The results in Figure 15 demonstrate that the curve maintains its original shape after LOF anomaly detection and removal. This process reduces the length of the feature sequence and achieves length normalization while still retaining the maximum feature information. Therefore, the proposed method effectively detects and removes outliers from the original feature sequence without significantly affecting the overall shape of the curve.

5.3.3. Determination of the Optimal Length L

To determine the final feature length L, the Dynamic Time Warping (DTW) algorithm is used to evaluate the temporal similarity between the compressed curve and the original curve. The DTW algorithm employs a dynamic planning strategy that performs a dynamic time-domain regularization process on two, time series to find the minimum possible distance (i.e., maximum possible similarity) between them. The degree of deformation in the time domain between two, time series that are otherwise similar is not only time-varying but also nonlinearly varying. Figure 16a illustrates this by showing that the compressed curve and the true curve exhibit different degrees of deformation in the time domain while still having high time similarity. To accurately determine the similarity between the two curves, it is necessary to first perform relative deformation and correction of the local time-domain waveforms between them, which involves implementing dynamic regularization, and then calculating the Euclidean distance, as shown in Figure 16b.
After the dynamic time-domain regularization and estimation of the shortest distance between the two sequences, the time-domain waveforms in the local ranges of the compressed discharge voltage curves are relatively stretched before they correspond. The trend of the shortest distance between the discharge voltage curves in the 5th, 55th, and 105th cycles with different feature sequence lengths and the original curve after processing by the method described earlier is illustrated in Figure 17. The optimal feature length L is determined by analyzing the variation of the minimum value.
The amount of feature information in a dataset is directly proportional to its dimensionality. Higher dimensionality leads to more feature information, while lower dimensionality results in reduced feature information.
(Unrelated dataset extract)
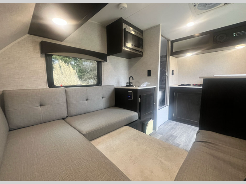- Exterior kitchenette with microwave, 12V refrigerator and Blackstone Griddle (10LT, 12LT only)
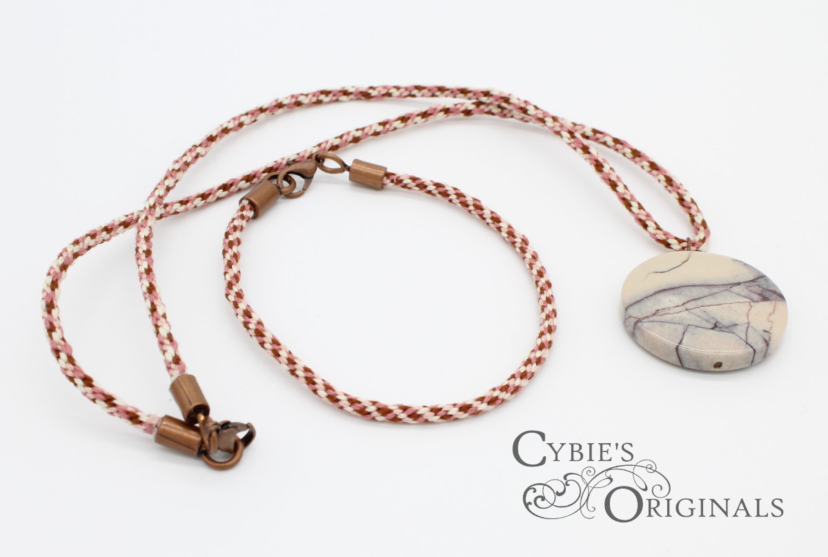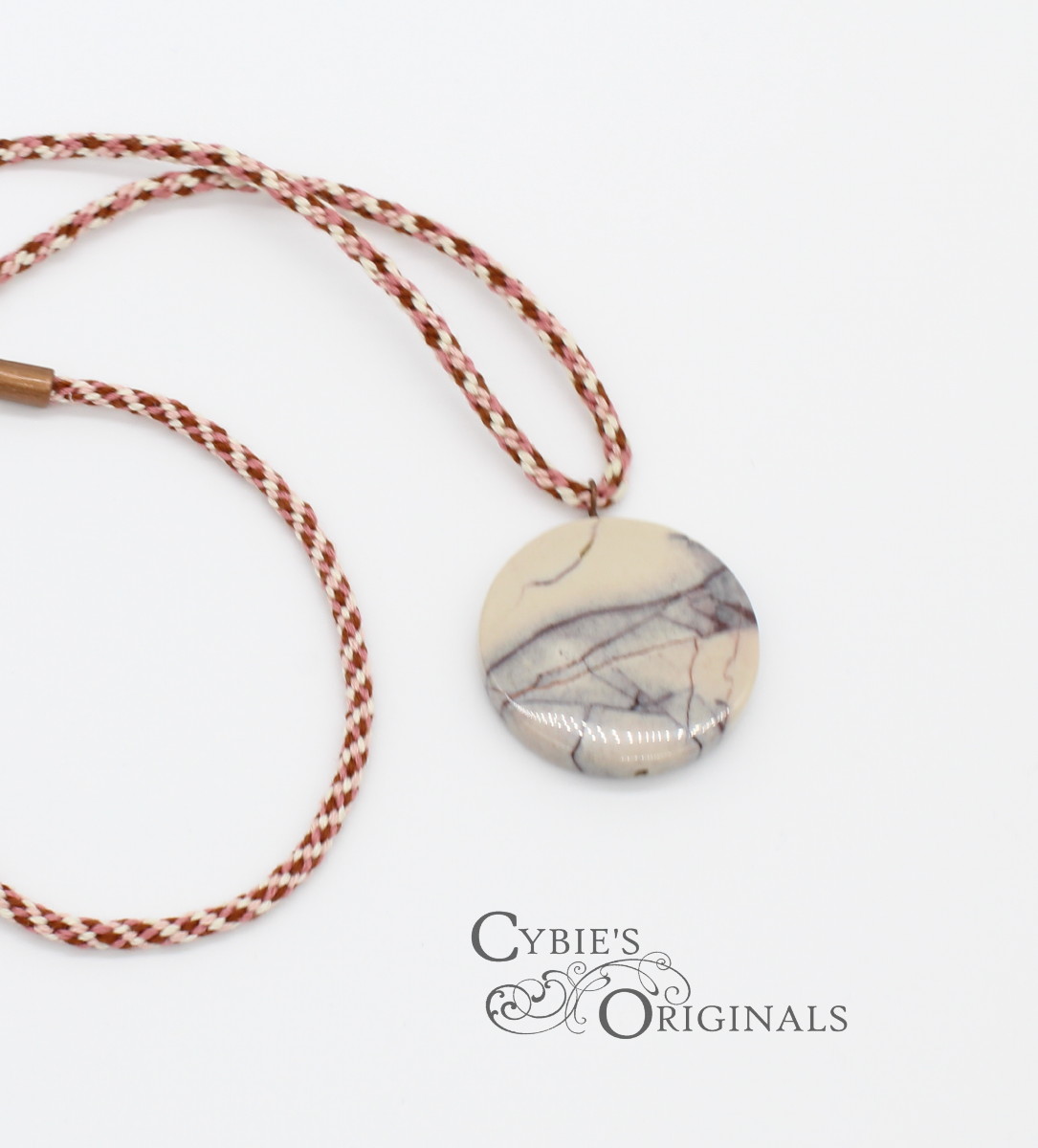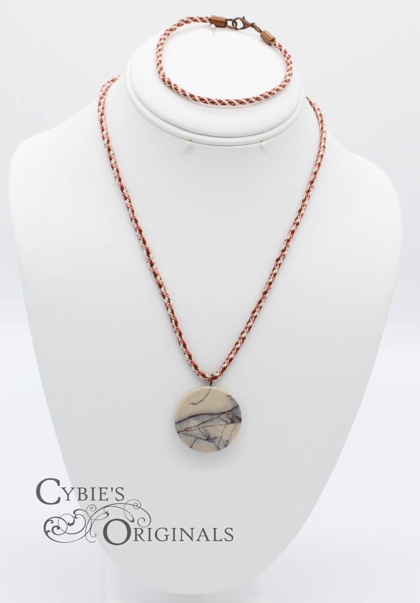Hand woven cord adorned with a pretty Picture Jasper pendant with matching corded bracelet.

Figure 17 shows that the minimum distance value between the compressed curve and the original curve gradually decreases as the feature point length L decreases. The minimum distance between the curves reaches a plateau when the feature point length L is approximately 40, and it remains constant thereafter. Therefore, for the discharge voltage curves across multiple cycles, the feature sequence length L is fixed at 40. Similarly, the optimal feature sequence length is determined using the improved altitude method for the voltage, current, and power curves in the charging experiment as well as the current and power curves in the discharge experiment.
The proposed method effectively extracts the most essential feature information from the dataset, determines the optimal length of the characteristic sequence, and ensures that the feature sequences have the same length for easy input into the prediction model. This approach mitigates the impact of dimensionality and leads to accurate SoH and RUL prediction results.
In summary, the proposed method provides an effective means of extracting critical information from the dataset and facilitating accurate predictions of SoH and RUL.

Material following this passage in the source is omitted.